Sabemos que el gran escollo de la construcción teórica de Rousseau reside en que la Soberanía no puede delegarse, y la elaboración de la ley es ejercicio de la soberanía. «Los diputados del pueblo —dice— no son, pues, ni pueden ser sus representantes; no son sino sus comisarios; no pueden concluir nada definitivamente. Toda ley que el pueblo en persona no haya ratificado, es nula, no es una ley. El pueblo inglés cree ser libre y se engaña; sólo lo es durante la elección de los miembros del Parlamento; en cuanto son elegidos, él es esclavo, ya no es nada».
La idea de Comisarios aplicada a la delegación ejecutiva se ha visto observada, pero sólo nominalmente, en ciertos momentos de la Revolución francesa y en la Revolución rusa.
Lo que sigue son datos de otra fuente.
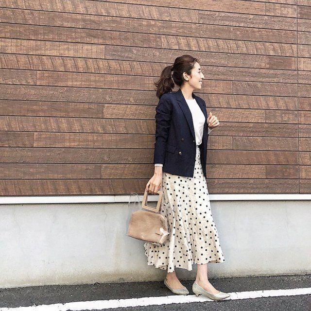 40代女子にぜひおすすめしたいオフィスボトムスは、そんなトレンドカラーにどれでも合わせやすく、きちんとした印象を出せる「ドット柄」や「チェック柄」のボトムスです。
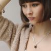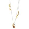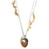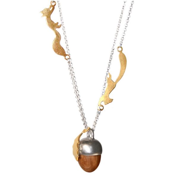 Silver and oak acorn necklace with a leaf and squirrels chasing each other around a double chain
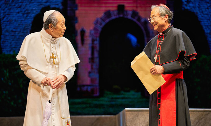 신구와 정동환 못지않게 쟁쟁한 배우들인 서인석·서상원(교황 베네딕토 16세)·남명렬(프란치스코 교황)이 번갈아 연기한다. 정수영(브리지타 수녀)·정재은(소피아 수녀)·조휘(젊은 베르고글리오)도 출연한다. 10월23일까지 서울 서초구 한전아트센터.
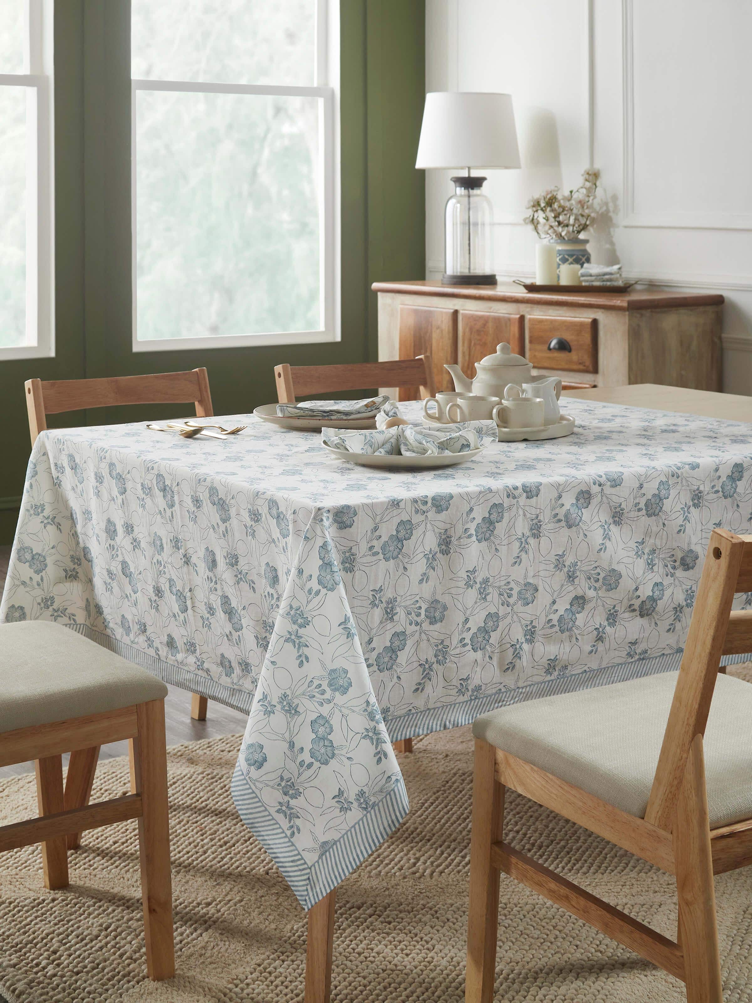 Enhance your setting with this cotton linen table cover, block printed by artisans in Rajasthan. Capturing the timeless allure of Sanganeri floral and lemon motifs, this cover turns every meal into a celebration.
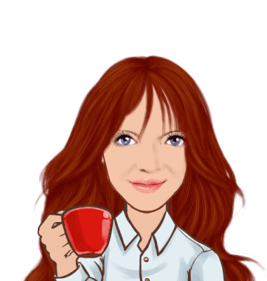 A cheerful animated woman with red hair waves and holds a coffee cup, wishing 'Good Morning'.

La necesidad de someter las leyes a referéndum figuró también en la Constitución francesa del Año I (1793), pero jamás se aplicó ese precepto.
No es la menor paradoja de la doctrina roussoniana el haber echado las bases de la legitimidad del Estado democrático y de su funcionamiento, por medio de la voluntad general, y haberse quedado en cambio a nivel de la idea de compromisario o mandatario sin llegar a la de representante.
Puede decirse que el concepto de representatividad, tal como se utiliza en el estado contemporáneo, no había sido descubierto en tiempo de Rousseau, por más que la práctica inglesa lo asemejase.
Por ejemplo, los procuradores en Cortes eran sólo mandatarios de sus ciudades. Pero si hoy nos parece superado, la voz de Rousseau puede servir de advertencia contra los excesos de la teoría de «representatividad nacional». Como es sabido, los teóricos de esta última sostienen que cada representante no representa a sus electores, sino a la nación entera; partiendo de ese primer supuesto, no pueden estar obligados por mandato, ya que «su función no es expresar una voluntad preexistente en el cuerpo nacional» (Burdeau).